Don’t use underscores ( _ ) or hyphens ( - ) in identifiers. Identifiers should be named according to the following conventions.

  1. The preferred form for variable names is all lower case letters and words separated with dots (variable.name), but variableName is also accepted;
  2. function names have initial capital letters and no dots (FunctionName);
  3. constants are named like functions but with an initial k.

Identifiers (continued)

  • variable.name is preferred, variableName is accepted
    GOOD: avg.clicks
    OK: avgClicks
    BAD: avg_Clicks

  • FunctionName
    GOOD: CalculateAvgClicks
    BAD: calculate_avg_clicks , calculateAvgClicks

  • kConstantName

Syntax

Line Length

The maximum line length is 80 characters.

# This is to demonstrate that at about eighty characters you would move off of the page

# Also, if you have a very wide function
fit <- lm(age ~ bmi + hgt + wgt + hc + gen + phb + tv + reg + bmi * hgt + wgt * hgt + wgt * hgt * bmi, data = boys)

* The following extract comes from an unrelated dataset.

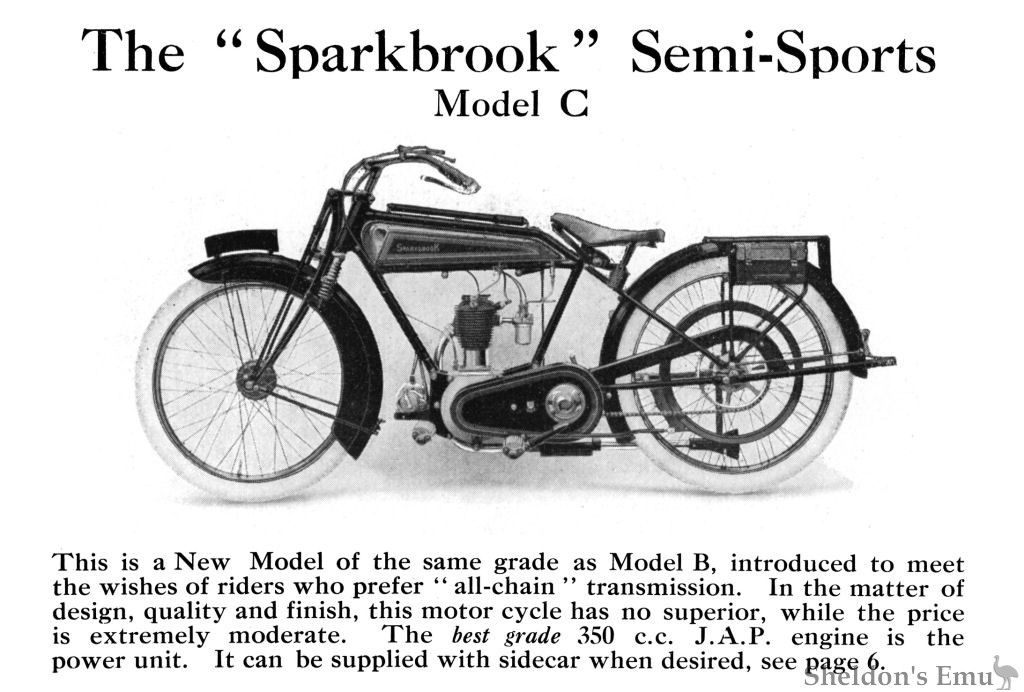 This is a New Model of the same grade as Model B, introduced to meet the wishes of riders who prefer " all-chain " transmission. In the matter of design, quality and finish, this motor cycle has no superior, while the price is extremely moderate. The best grade 350 c.c. J. A. P. engine is the power unit. It can be supplied with sidecar when desired, see Page 6.

# it would be nice to pose it as
fit <- lm(age ~ bmi + hgt + wgt + hc + gen + phb + tv + reg + bmi * hgt 
          + bmi * wgt + wgt * hgt + wgt * hgt * bmi, data = boys)
#or
fit <- lm(age ~ bmi + hgt + wgt + hc + gen + phb + tv + reg 
          + bmi * hgt 
          + bmi * wgt
          + wgt * hgt 
          + wgt * hgt * bmi, 
          data = boys)

Indentation

When indenting your code, use two spaces. RStudio does this for you!

Never use tabs or a mix of tabs and spaces.

Exception: When a line break occurs inside parentheses, align the wrapped line with the first character inside the parenthesis.

In general…

  • Use common sense and BE CONSISTENT.

  • The point of having style guidelines is to have a common vocabulary of coding

    • so people can concentrate on what you are saying, rather than on how you are saying it.
  • If code you add to a file looks drastically different from the existing code around it, the discontinuity will throw readers out of their rhythm when they go to read it. Try to avoid this.